MODES AND METALS.
["Neckties made of aluminium have just been invented in Germany."—Evening Paper.]
Visited my tailor's puddling works to-day. He has some really neat new pig-iron fabrics for the season. I am thinking of trying his Bessemer steel indestructible evening-dress suits.
Really this new plan of mineral clothing comes in very usefully when one is attacked by roughs on a dark night. Floored an assailant most satisfactorily with a touch of my lead handkerchief.
The only objection I can find to my aluminium summer suiting is its tendency to get red hot if I stand in the sun for five minutes.
I think I can now safely defy my laundress to injure my patent safety ironclad steel shirts.
I find, however, that there is no need of a laundress at all. When one's linen is soiled, sand-paper and a mop will clean it in no time.
My frock-coat has got a nasty kink in it; must send it to be repaired at the smelting furnace.

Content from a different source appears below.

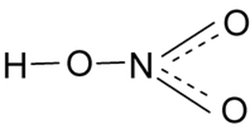Опытным путём доказано, что в молекуле азотной кислоты между двумя атомами кислорода и атомом азота две химические связи абсолютно одинаковые – полуторные связи. Степень окисления азота +5, а валентность равна IV.

Once Cut don't Come Again!—It was said by The Figaro last week that Japan would demand "an extra payment of one hundred millions of taels by China." But surely a hundred million Chinamen would evince a pig-headed obstinacy in parting with, or being parted from, their "tails" on any consideration.
"A Lightship Sunk."—Impossible! couldn't have been a lightship, it must have been a very heavy ship.
Daughter (enthusiastically). "Oh, Mamma! I must Learn Bicycling! So delightful to go at such a pace!"
Mamma (severely). "No thank you, my dear; you are quite 'fast' enough already!"